Determinants of volume changes
Patient age was significantly correlated with a higher CSF/ICV and VIWr	Moderate
DCI was found to be related to smaller brain parenchymal volumes and lateral ventricle enlargement	Low
Brain damage and clinical or neuropsychological outcome – Cerebral infarct
The presence of infarcts or infarct volumes was significantly correlated with clinical and neuropsychological outcome	Moderate
Brain damage and neuropsychological or clinical outcome – Volume measurements
Brain parenchymal volume measurements and VIWr were related to clinical and neuropsychological outcome	Strong

Proportion of aSAH patients with cerebral infarction or brain volume changes

Cerebral infarction

Twelve studies, with a median number of 50 patients per study (range 20–138), reported on the presence of cerebral infarcts.^{24–28,30–36} Of 791 patients, 372 showed a cerebral infarct. The percentage of patients with an infarct ranged between 25 and 81 percent between studies (see Supplemental Table 3). The included studies varied in patient disease severity between WFNS I or II at admission or H&H grade 1 up to 4.^31,36

One study reported on the number of infarcts detected in the patients who demonstrated infarcts: 152 infarcts in 84 patients.³¹ Six studies reported on the size of the infarcts.^{25,26,28,29,32,35} Three studies used a volume measurement (ml or cm³) and found a mean volume of 8.6–43.4 ml in a total of 108 patients.^25,28,35 The other three studies reported the mean diameter of the deficit, which ranged from 19 mm to 57 mm in a total of 102 patients.^26,29,32 These results are shown in Table 2.

Table 2.

Size of the deficits in patients with a cerebral infarct

Study	No.	Mean volume of infarct (ml/cm³)	SD	Mean diameter of infarct (mm)	SD
Bendel et al.²⁸	15/67^a	17.6	35.8
	33/71	20.9	46.5
	7/67	27.6	26.3
	11/71	43.4	69.7
De Bresser et al.³⁵ ³⁵	26/55	8.7^b	0.4–61.3^b
De Bresser et al.²⁵	16/38	8.6^b	1.1–80.9^b
Koivisto et al.²⁹	8/40^a			43	40
	21/47			36	31
	9/40			30	29
	8/47			52	30
Koivisto et al.³²	6/19^c			19^d	13
	7/21			57	42
Soppi et al.²⁶	21/62^e			39.3	27
	22/64			34.3	28

Note: In the articles it was not specified if, in case of multiple infarcts, a summation of the volumes or sizes was given or results of the largest infarct were given, unless stated otherwise.

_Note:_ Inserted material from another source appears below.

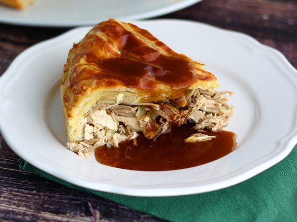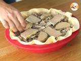 Legen Sie einen Blätterteig in die Springform und gießen Sie die Fleisch-Schalotten-Mischung hinein. Alles gut glattstreichen und anschließend mit Gänseleberscheiben belegen. Falten Sie die überstehenden Teigränder über die Füllung.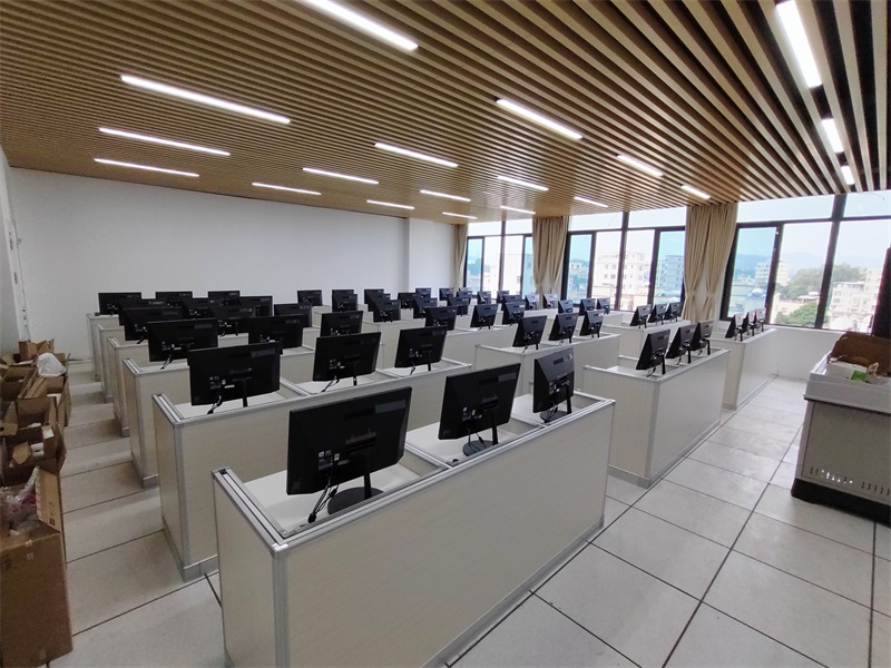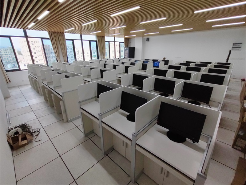 根據(jù)深圳市龍華區(qū)行知中學(xué)對(duì)計(jì)算機(jī)室的要求,方方智能為該計(jì)算機(jī)室設(shè)計(jì)了屏風(fēng)可以升降的三人位屏風(fēng)桌。該屏風(fēng)桌采用方方第一代升降屏風(fēng)桌,基礎(chǔ)高度840MM,升起高度1160MM,起到良好的隔斷效果。

No.: number of patients with an infarct / total MR population.

Results were presented based on vascular territory and treatment method (i.e. coiling or clipping), in descending order; infarcts in parental artery territory in coiled aSAH patients, infarcts in parental artery territory in clipped aSAH patients, infarct in vascular territories other than the parental territory in coiled aSAH patients, and infarcts in vascular territories other than the parental territory in clipped aSAH patients.

Median and 10th–90th percentile.

Patients presented by treatment method; surgical and endovascular.

Size of infarction is size of largest deficit in case of multiple deficits.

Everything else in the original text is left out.